Task input START

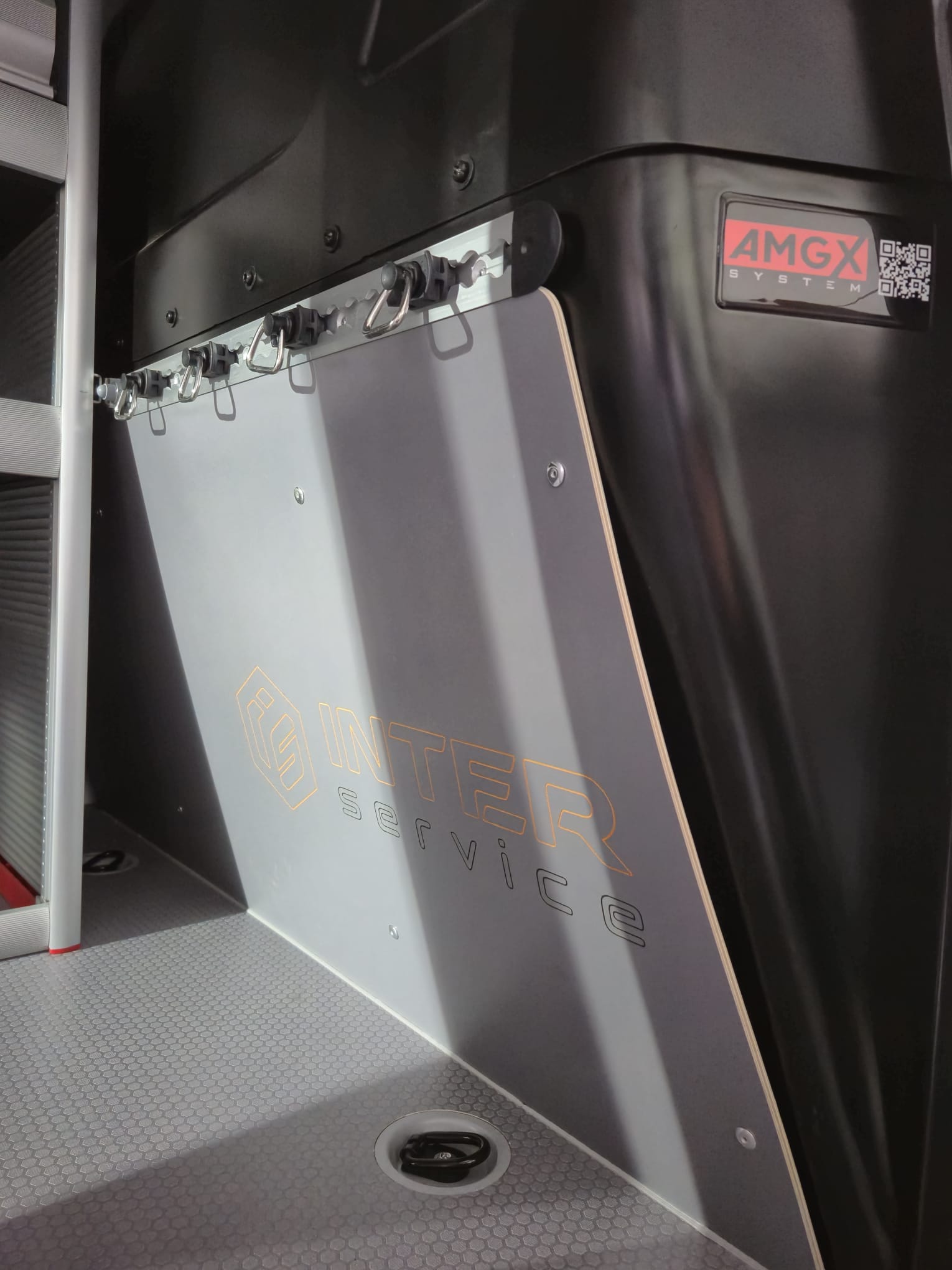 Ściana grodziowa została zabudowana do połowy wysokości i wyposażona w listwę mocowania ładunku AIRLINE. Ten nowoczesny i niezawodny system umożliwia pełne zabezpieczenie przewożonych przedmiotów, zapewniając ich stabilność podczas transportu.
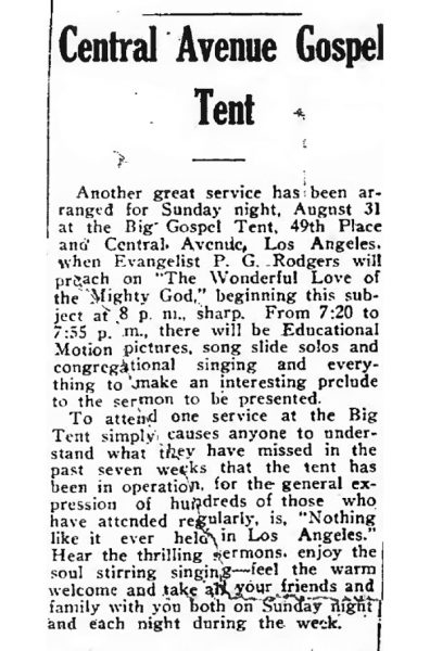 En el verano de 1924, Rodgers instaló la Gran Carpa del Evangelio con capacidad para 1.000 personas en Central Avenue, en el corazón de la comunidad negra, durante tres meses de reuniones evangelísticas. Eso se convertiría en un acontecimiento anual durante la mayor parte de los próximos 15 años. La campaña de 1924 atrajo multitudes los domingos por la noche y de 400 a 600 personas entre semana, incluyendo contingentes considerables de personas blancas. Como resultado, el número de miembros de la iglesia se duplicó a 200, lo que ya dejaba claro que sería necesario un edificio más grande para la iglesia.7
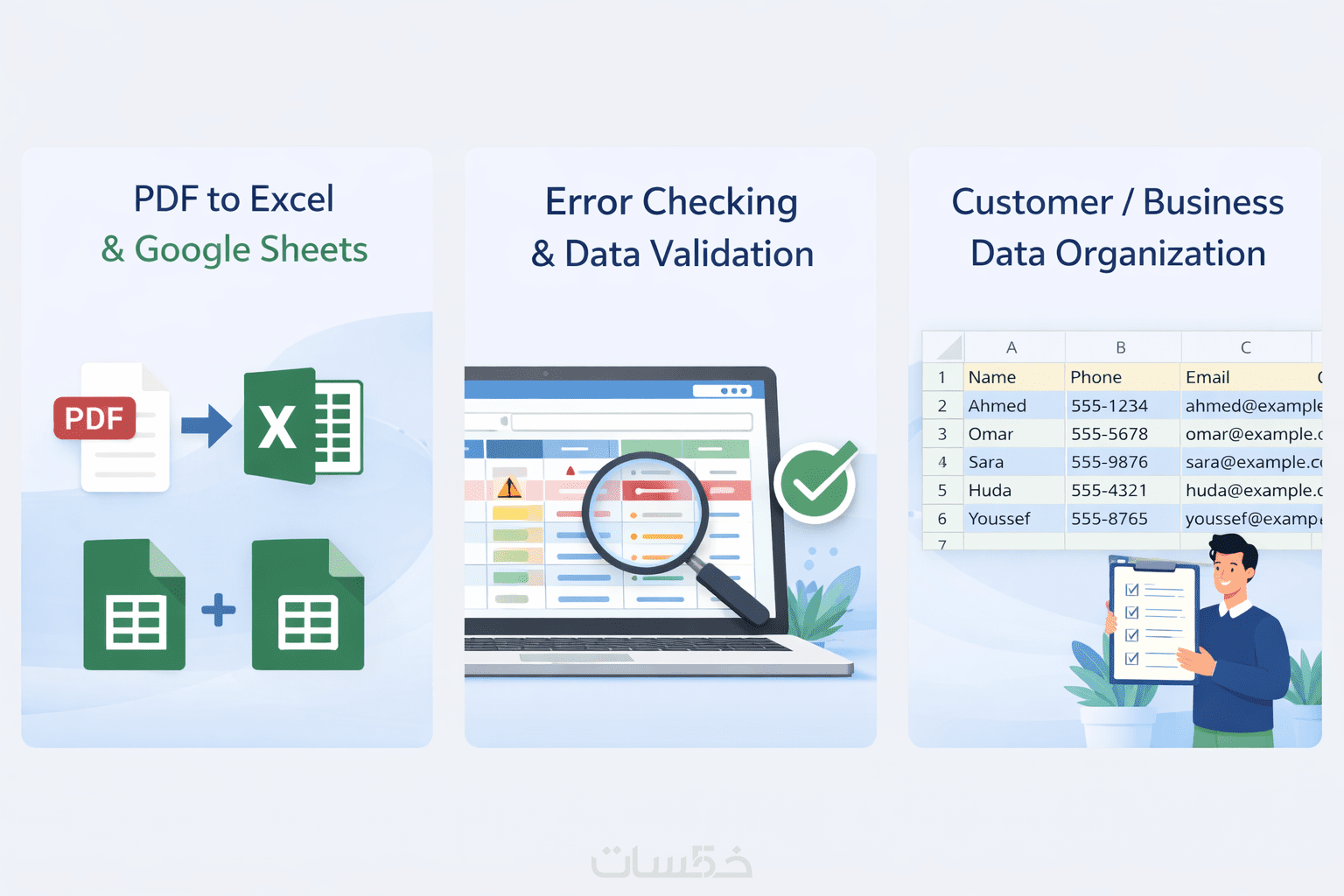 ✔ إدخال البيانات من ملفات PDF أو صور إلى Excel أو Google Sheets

Task input END
Task input START

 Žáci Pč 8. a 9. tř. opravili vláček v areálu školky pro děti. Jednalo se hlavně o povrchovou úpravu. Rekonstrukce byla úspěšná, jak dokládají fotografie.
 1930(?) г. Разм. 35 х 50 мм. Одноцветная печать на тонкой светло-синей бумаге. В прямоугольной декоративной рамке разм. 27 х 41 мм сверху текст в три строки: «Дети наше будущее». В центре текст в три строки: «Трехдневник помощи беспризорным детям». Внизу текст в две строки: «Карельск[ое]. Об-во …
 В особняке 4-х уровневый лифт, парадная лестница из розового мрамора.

Task input END
Task input START

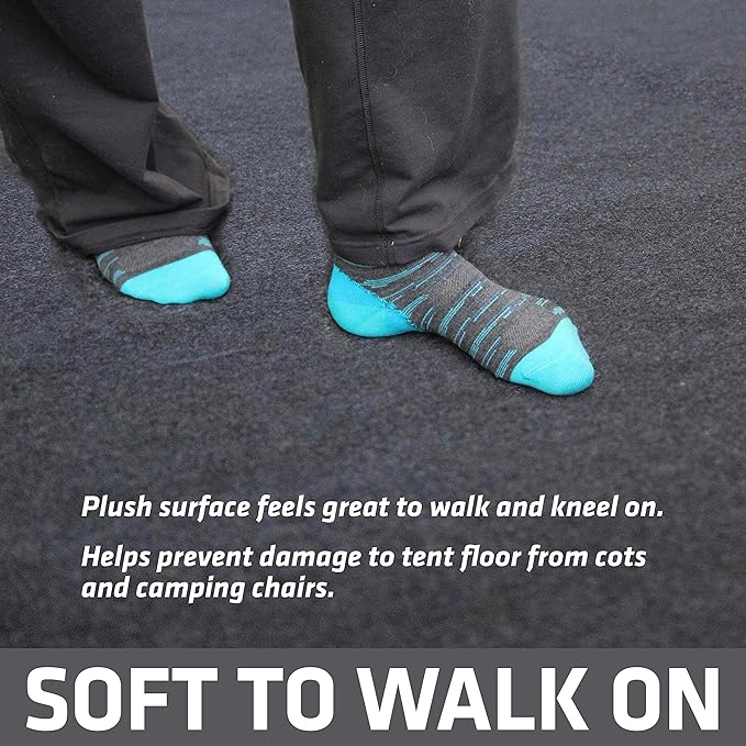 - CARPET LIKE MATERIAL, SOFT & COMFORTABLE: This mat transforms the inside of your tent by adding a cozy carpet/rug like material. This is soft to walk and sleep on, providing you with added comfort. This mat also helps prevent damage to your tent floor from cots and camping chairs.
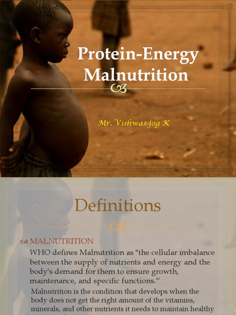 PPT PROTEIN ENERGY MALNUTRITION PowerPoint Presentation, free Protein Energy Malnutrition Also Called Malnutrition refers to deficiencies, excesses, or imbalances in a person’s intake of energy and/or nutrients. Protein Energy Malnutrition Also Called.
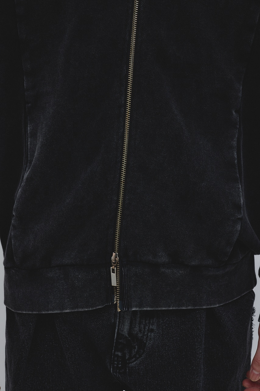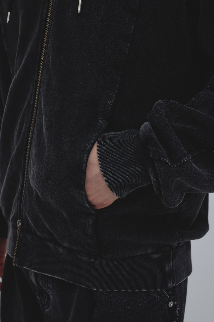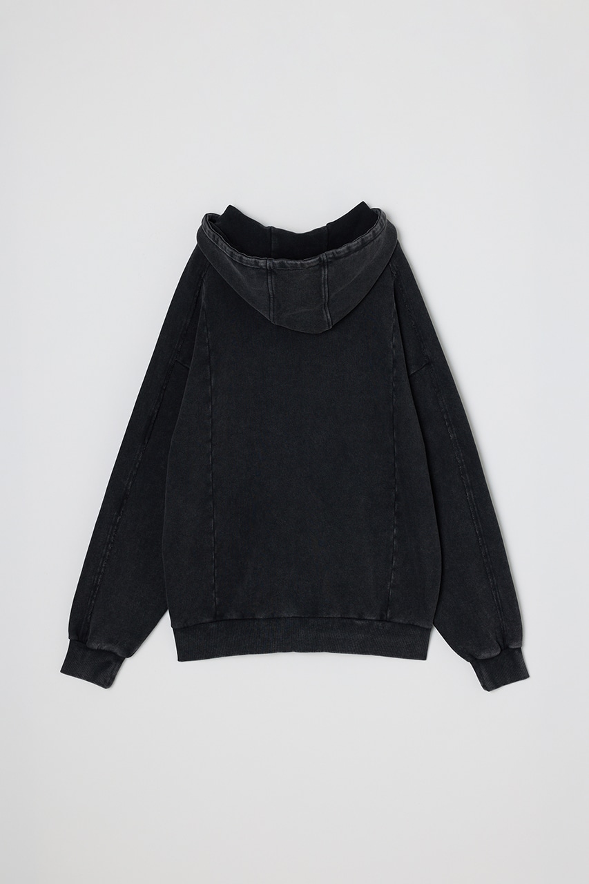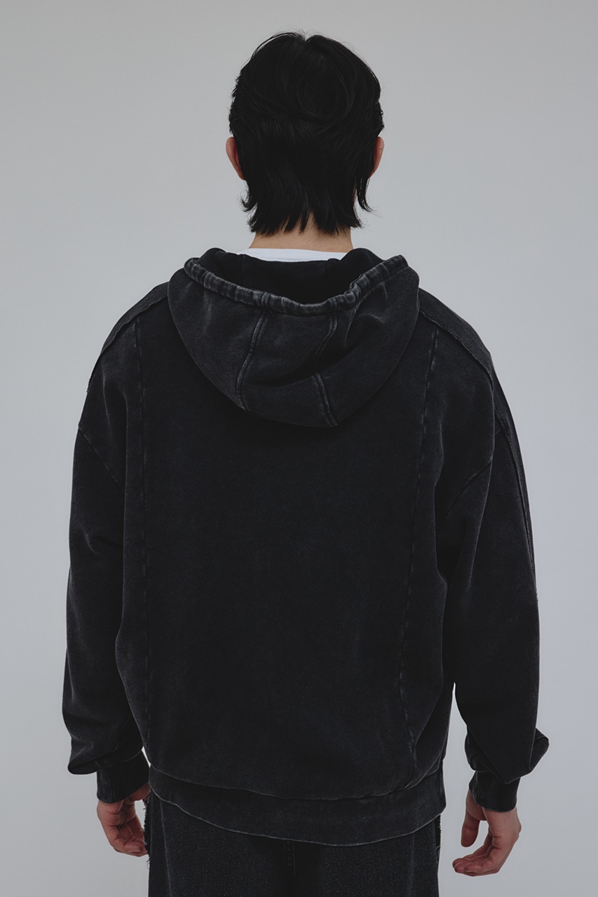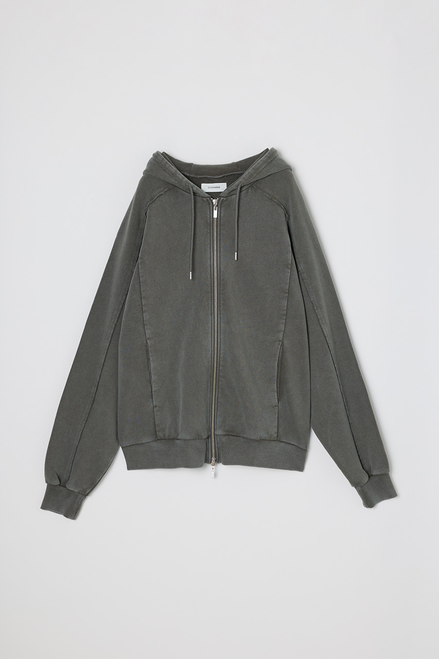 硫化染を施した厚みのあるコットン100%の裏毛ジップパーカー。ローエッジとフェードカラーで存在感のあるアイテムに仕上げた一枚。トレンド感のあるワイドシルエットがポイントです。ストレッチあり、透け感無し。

Task input END

### Exercise directions
Nothing but the lines from the one with "Ściana grodziowa została" to the one with "أو Google Sheets" above, both included, should be transcribed, exactly and without pictures.

### Solution to this task
 Ściana grodziowa została zabudowana do połowy wysokości i wyposażona w listwę mocowania ładunku AIRLINE. Ten nowoczesny i niezawodny system umożliwia pełne zabezpieczenie przewożonych przedmiotów, zapewniając ich stabilność podczas transportu.
 En el verano de 1924, Rodgers instaló la Gran Carpa del Evangelio con capacidad para 1.000 personas en Central Avenue, en el corazón de la comunidad negra, durante tres meses de reuniones evangelísticas. Eso se convertiría en un acontecimiento anual durante la mayor parte de los próximos 15 años. La campaña de 1924 atrajo multitudes los domingos por la noche y de 400 a 600 personas entre semana, incluyendo contingentes considerables de personas blancas. Como resultado, el número de miembros de la iglesia se duplicó a 200, lo que ya dejaba claro que sería necesario un edificio más grande para la iglesia.7
 ✔ إدخال البيانات من ملفات PDF أو صور إلى Excel أو Google Sheets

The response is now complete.